In 1946 hekelde George Orwell het taalmisbruik in zijn klassieke essay ‘Politics and the English Language’, waarin hij de beroemde uitspraak verklaarde dat ‘de taal lelijk en onnauwkeurig wordt omdat onze gedachten dwaas zijn, maar de slordigheid van onze taal maakt het gemakkelijker. dat we dwaze gedachten hebben.” Orwell bewaarde zijn scherpste kritiek op corrupte politieke taal, die hij de ‘verdediging van het onverdedigbare’ noemde, en in de jaren die volgden namen andere schrijvers soortgelijke kritiek op het politieke discours over, waarbij ze hun focus aanpasten aan de omstandigheden van die tijd.

Eén specifieke kritiek richtte zich op de taal van kernwapens, en ik beweer dat deze taal voor ons vandaag de dag van bijzonder belang zou moeten zijn.

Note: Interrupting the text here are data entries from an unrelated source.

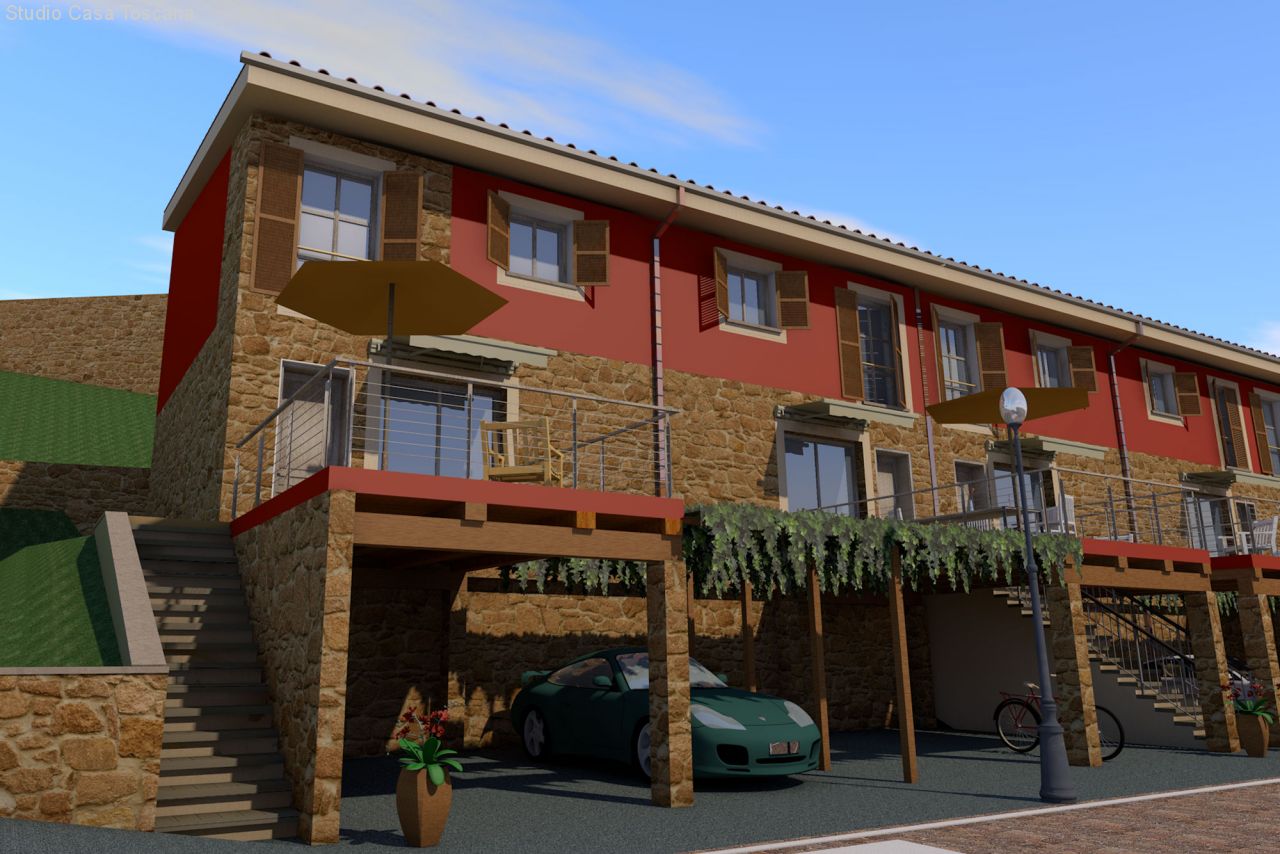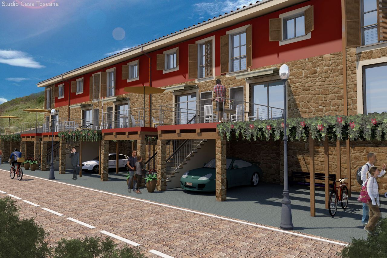 Das Haus erstreckt sich über zwei Stockwerke. Der toskanische Stil verbindet sich mit der Moderne und dem heutigen Komfort. Vom Haus hat man einen herrlichen Blick über die Landschaft der Maremma. Die Wohneinheit verfügt über einen privaten Garten und zwei Carports, einer davon überdacht.
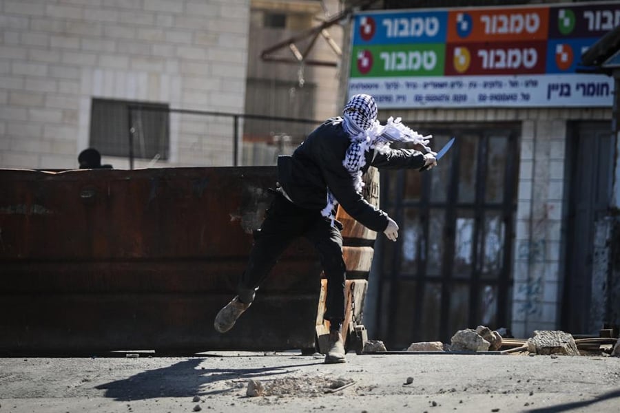 במקום נראו מחבלים עם סכינים ביד מיידים אבנים על ניידת משטרה עם שוטרים בפנים.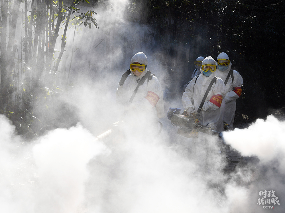 △2020年2月,安徽亳州市,環(huán)衛(wèi)黨員突擊隊(duì)隊(duì)員對(duì)社區(qū)進(jìn)行防疫消殺。

Door critici ‘Nukespeak’ genoemd, is het een sterk gemilitariseerd discours dat de morele gevolgen van ons beleid en onze acties verdoezelt. Het is een taal die wordt gebruikt door militaire functionarissen, politieke leiders en beleidsexperts – maar ook door journalisten en burgers. De taal sluipt als een invasieve soort onze publieke discussies binnen en werpt schaduwen op de manier waarop we denken over ons collectieve heden en de toekomst.

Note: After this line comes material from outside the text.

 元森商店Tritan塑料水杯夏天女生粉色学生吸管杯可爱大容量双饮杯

In een recent artikel in de New York Times staat bijvoorbeeld: “Kleinere bommen die brandstof toevoegen aan nucleaire angstTwee Times-verslaggevers, William J. Broad en David E. Sanger, beschrijven het voortdurende debat binnen de regering-Obama over de zogenaamde modernisering van ons kernwapenarsenaal, een transformatie die zou resulteren in atoombommen met een grotere nauwkeurigheid en een capaciteit voor hun nucleaire arsenaal. operators om het explosieve vermogen van een enkele bom te vergroten of verkleinen. Voorstanders beweren dat het moderniseren van de wapens de waarschijnlijkheid van het gebruik ervan zal verkleinen door hun afschrikking voor potentiële agressors te vergroten, terwijl critici beweren dat het upgraden van de bommen het gebruik ervan nog verleidelijker zal maken voor militaire commandanten. De critici noemen ook de kosten van het moderniseringsprogramma – tot 1 biljoen dollar als alle gerelateerde elementen in aanmerking worden genomen.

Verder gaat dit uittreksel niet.